» EXERCISE GOAL: Write out the data again exactly, skipping every picture.

» DATA BLOCK:

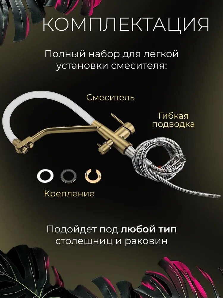 СохранитьСмеситель для кухни гибкий с фильтром, латунь, TIOKO TI-0111G интересное:
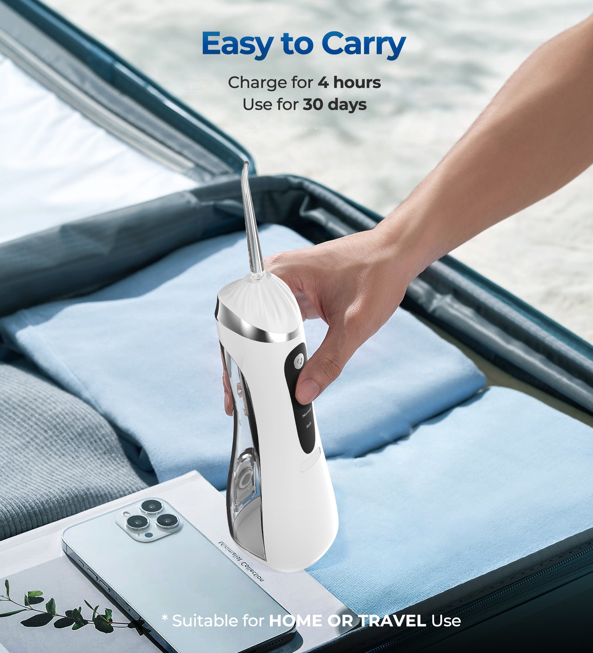 - Customizable Cleaning Experience: Featuring three adjustable modes—Powerful, Normal, and Gentle—this flosser allows you to tailor your water flossing experience to meet your specific needs, whether for sensitive gums or robust cleaning.
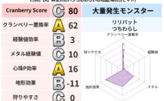 クランベリーボット判定結果の詳細クランベリースコア:163クランベリー置換率:77%大量発生モンスター:バアルゼブブ,ヒョウモンダークギラ超耐性(9%)超耐性・弱耐性なし:ジバリアこころ道 完全一致モンスターベロニャーゴ: 大魔導士(理力道...
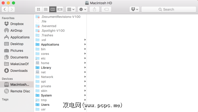 要开始,请打开 Finder ,然后转到 Macintosh HD :

» ANSWER TO THIS EXERCISE:
 СохранитьСмеситель для кухни гибкий с фильтром, латунь, TIOKO TI-0111G интересное:
 - Customizable Cleaning Experience: Featuring three adjustable modes—Powerful, Normal, and Gentle—this flosser allows you to tailor your water flossing experience to meet your specific needs, whether for sensitive gums or robust cleaning.
 クランベリーボット判定結果の詳細クランベリースコア:163クランベリー置換率:77%大量発生モンスター:バアルゼブブ,ヒョウモンダークギラ超耐性(9%)超耐性・弱耐性なし:ジバリアこころ道 完全一致モンスターベロニャーゴ: 大魔導士(理力道...
 要开始,请打开 Finder ,然后转到 Macintosh HD :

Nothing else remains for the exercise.